Matrix norm
In our previous post, we introduced various definitions of matrix norms in \(\mathbb{R}^{n \times n}\) based on the corresponding vector norms in \(\mathbb{R}^n\). Meanwhile, the equivalence of different vector norms and their induced metrics and topologies in \(\mathbb{R}^n\) is also inherited into \(\mathbb{R}^{n \times n}\). In this article, we’ll show why the above defined matrix norms are valid.
Generally, the definition of a matrix norm in \(\mathbb{R}^{n \times n}\) should satisfy the following four conditions:
- Positive definiteness: for all \(A \in \mathbb{R}^{n \times n}\), \(\norm{A} \geq 0\). \(\norm{A} = 0\) if and only if \(A = 0\).

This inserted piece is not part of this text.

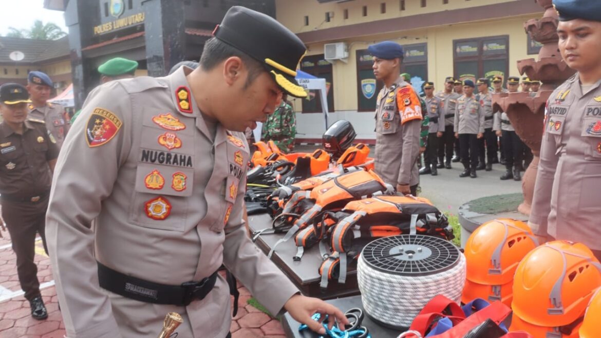 Kapolres Luwu Utara AKBP Nugraha Pamungkas serahkan perahu rakitan dan cek kelengkapan SAR milik polres, brimob, dinas sosial dan basarnas dalam Apel Gelar Pasukan dalam rangka Siaga Penanggulangan Bencana di Wilayah Hukum polres Lutra, Jumat (3/10/2025).
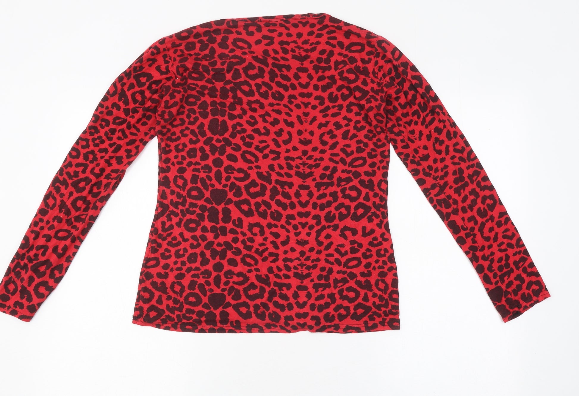 Womens Red Animal Print Polyester Basic T-Shirt Size M Round Neck - Leopard Print

- Absolute homogeneity: for all \(\alpha \in \mathbb{R}\) and \(A \in \mathbb{R}^{n \times n}\), \(\norm{\alpha A} = \abs{\alpha} \norm{A}\).
- Triangle inequality: for all \(A, B \in \mathbb{R}^{n \times n}\), \(\norm{A + B} \leq \norm{A} + \norm{B}\).

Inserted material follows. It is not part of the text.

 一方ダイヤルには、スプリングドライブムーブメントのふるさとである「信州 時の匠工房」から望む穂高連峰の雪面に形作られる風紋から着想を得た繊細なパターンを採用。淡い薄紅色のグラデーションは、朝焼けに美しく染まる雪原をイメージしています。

- Sub-multiplicity: for all \(A, B \in \mathbb{R}^{n \times n}\), \(\norm{AB} \leq \norm{A} \norm{B}\).
Therefore, we need to prove the following theorem in order to meet the above requirements.
Theorem Let \(\norm{\cdot}\) be a norm on \(\mathbb{R}^n\). Then for all \(A \in \mathbb{R}^{n \times n}\), its matrix norm \(\zeta: \mathbb{R}^{n \times n} \rightarrow \mathbb{R}\) can be defined as
\[\zeta(A) = \sup_{\forall \vect{x} \in \mathbb{R}^n, \vect{x} \neq 0} \frac{\norm{A \vect{x}}}{\norm{\vect{x}}} = \sup_{\forall \vect{x} \in \mathbb{R}^n, \norm{\vect{x}}=1} \norm{A \vect{x}}\]Proof a) Positive definiteness and absolute homogeneity directly inherit from vector norms.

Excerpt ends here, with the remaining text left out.